Positive health outcomes for ‘Our Hearts, Our Minds’
Cardiovascular patients in the Western Health and Social Care Trust (Western Trust) are reaping the benefits of an innovative lifestyle cardiology programme.
The unique 12 week ‘Our Hearts, Our Minds’ programme, which is part of NI’s Health Transformation agenda, has been seeing positive changes in patients who have completed it since its launch in April 2019.
Designed especially for patients living with cardiovascular disease or at risk of developing it, the programme is based on research carried out at Imperial College, London. One of the key concepts of the programme is that patients can complete the programme alongside their relative/partner which, ultimately, makes lifestyle changes much easier, more enjoyable and longer lasting.
Following a detailed assessment, participants are then invited to take part in a weekly exercise and education programme at local leisure centres.
Leading the delivery of the programme is Dr Susan Connolly, Western Trust Consultant Cardiologist, who says: “I am delighted to see such excellent preliminary results, as well as the very positive feedback received from the patients who have already completed the programme. We have seen real improvements in physical fitness levels and healthier dietary patterns with accompanying weight loss. Blood pressure and cholesterol levels have also reduced substantially in the participants. These impressive results are due to the significant changes people have made to their lifestyles through the help and support of the Cardiovascular Nurse Specialists, supported by a skilled multidisciplinary team (including dieticians, physiotherapist/exercise professionals, and psychologists).”
Dr Connolly added: “This is a much needed programme within the Western Trust area. Outside of Belfast, our Trust has the highest percentage of cardiovascular deaths under the age of 75 years. This initiative is all about preventive medicine which the Trust took considerable feedback on following our community engagement on the Pathfinder project.
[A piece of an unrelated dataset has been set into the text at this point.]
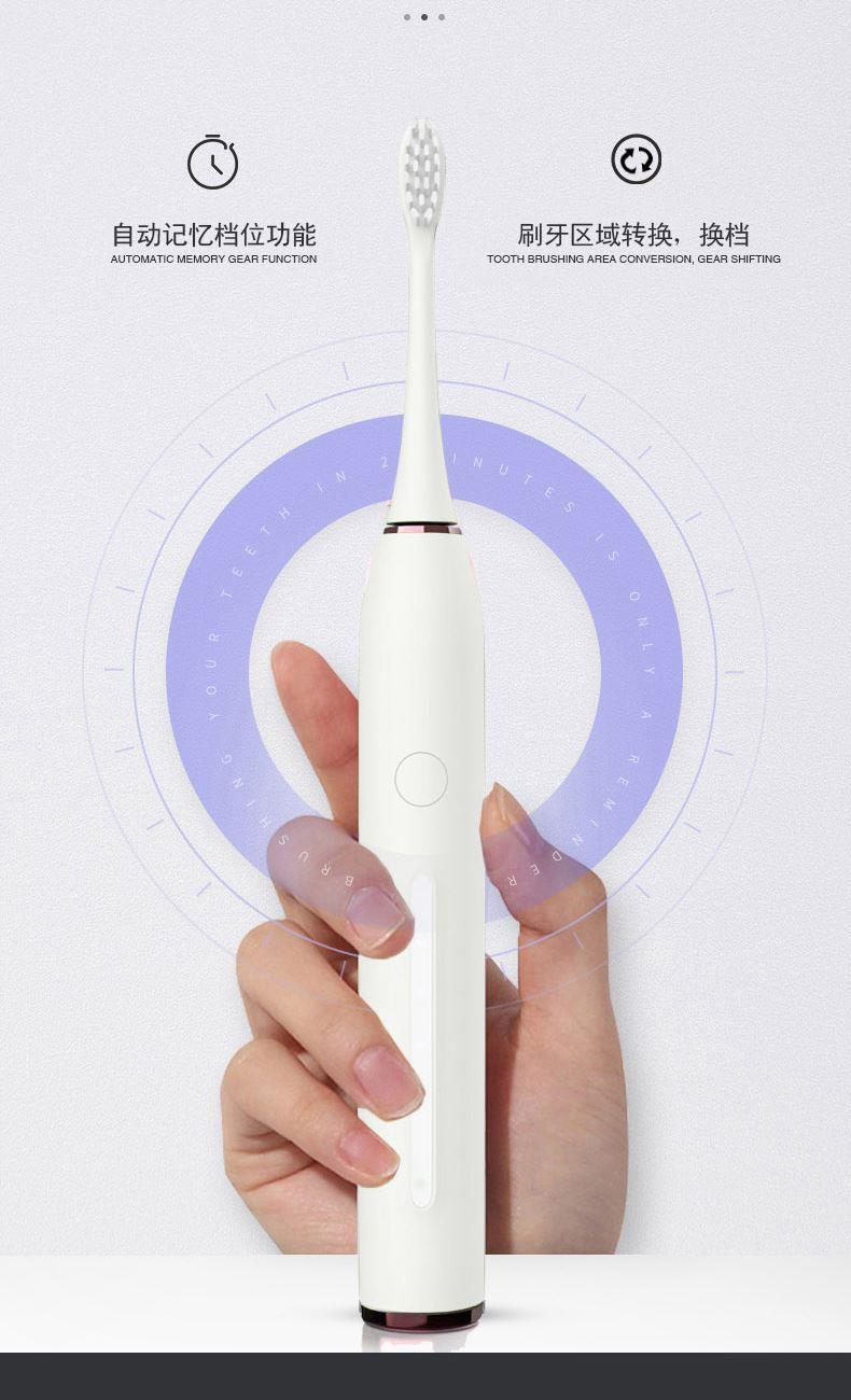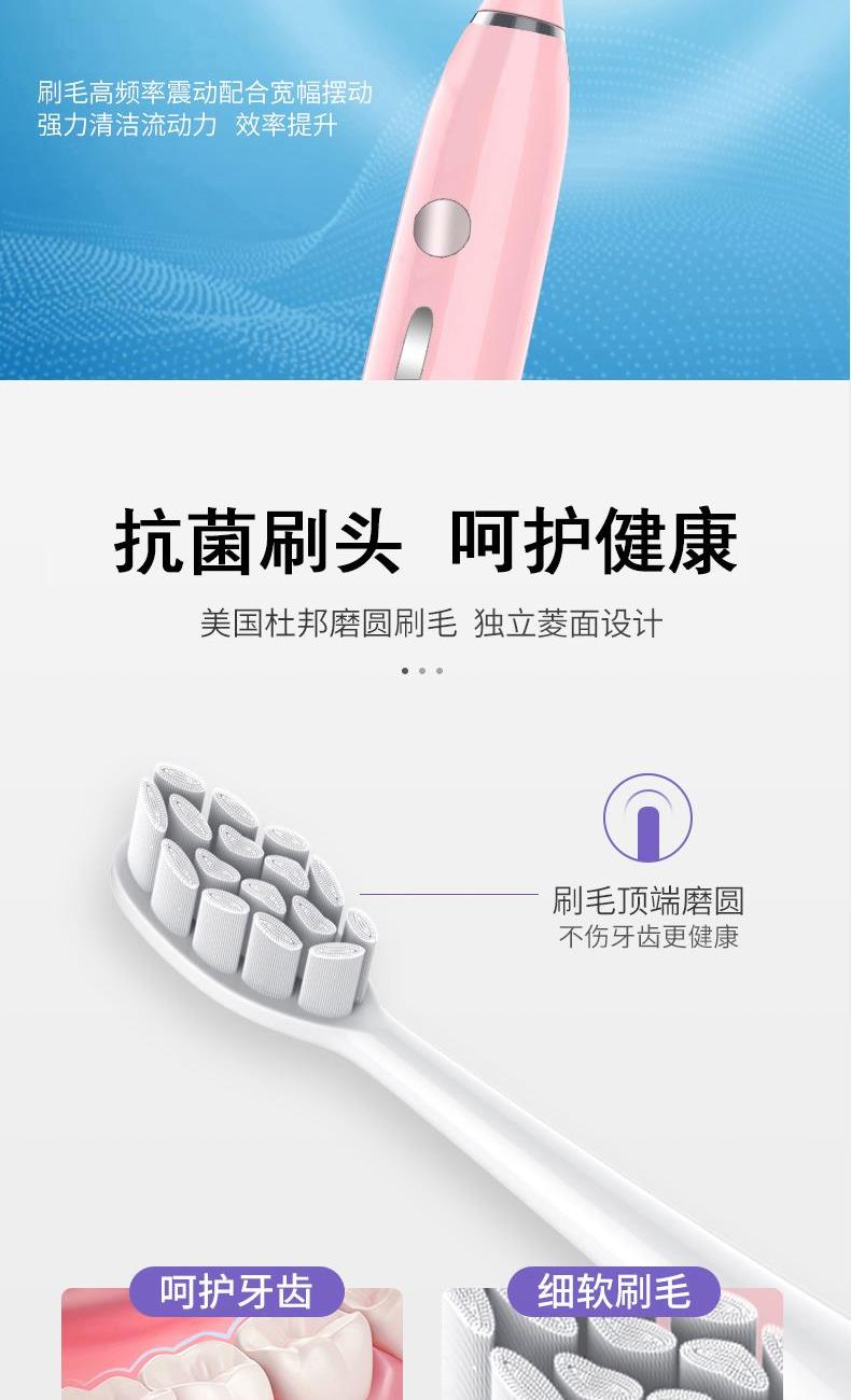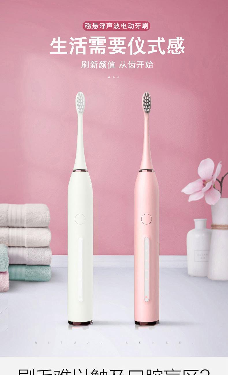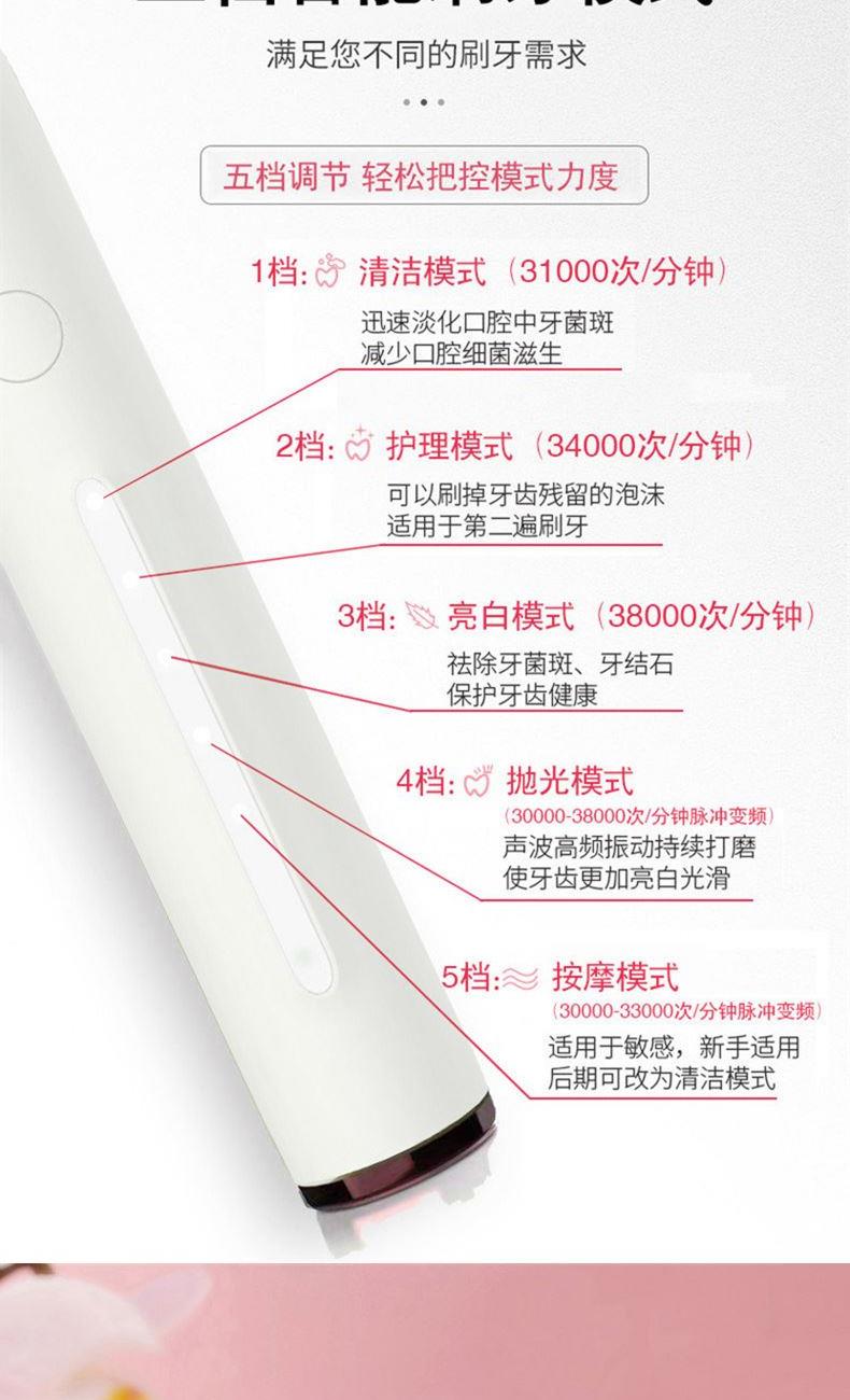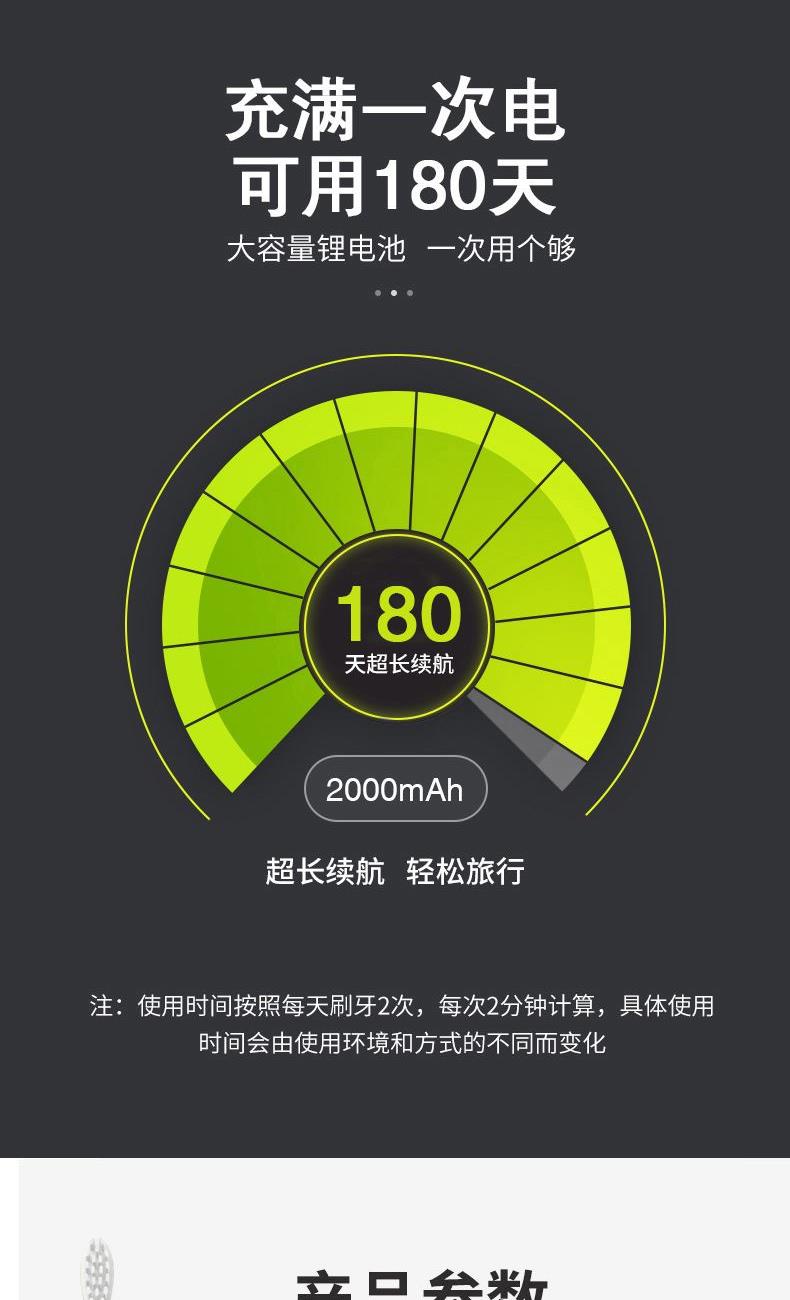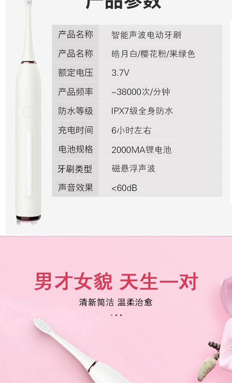 额定电压:3.7V 产品频率:~38000次/分钟 防水等级:IPXT级全身防水 充电时间:6小时左右 电池规格:2000MA锂电池 牙刷类型:磁悬浮声波 声音效果:<60dB 尺寸270*270*248mm 1.五档洁齿模式,磁悬浮声波电机,每分钟38000次/震动,配置两个档脉冲变频震动,针对不同口腔护理人士需要,达到更加有效清洁牙齿污垢,清除牙菌斑效果 2.超长续航,一次充电续航180天  3.采用USB充电,设有防止过充,自动断电功能,安全方便。  4.机身采用纳米覆膜工艺处理,防潮防霉.  5. 二分钟智能计时刷牙,自动记忆档位功能;刷牙区域转换,换档,低电量提醒 6.刷头3D高密度植毛,刷毛磨圆工艺处理,  优质的刷毛不但耐用,清洁效果好,刷毛磨圆工艺呵护牙龈    7.全身精密工艺打造防潮防水,IPX7防水级别认证

It is this type of initiative that emphasises the importance of bringing healthcare right to the heart of the communities that need it most.”
Richard Taylor: A Patient’s Story
On April 17 this year, Richard Taylor, from Derry, went from being an active gym goer to suffering a heart attack and cardiac arrest at the age of just 52.
He says: “I always considered myself fit and healthy and had been a member of a gym for a long time. April 17 started out like any normal gym session for me. However, whilst walking back to my car, I had severe chest pain, pain in my arm and teeth (jaw) that started to get progressively worse.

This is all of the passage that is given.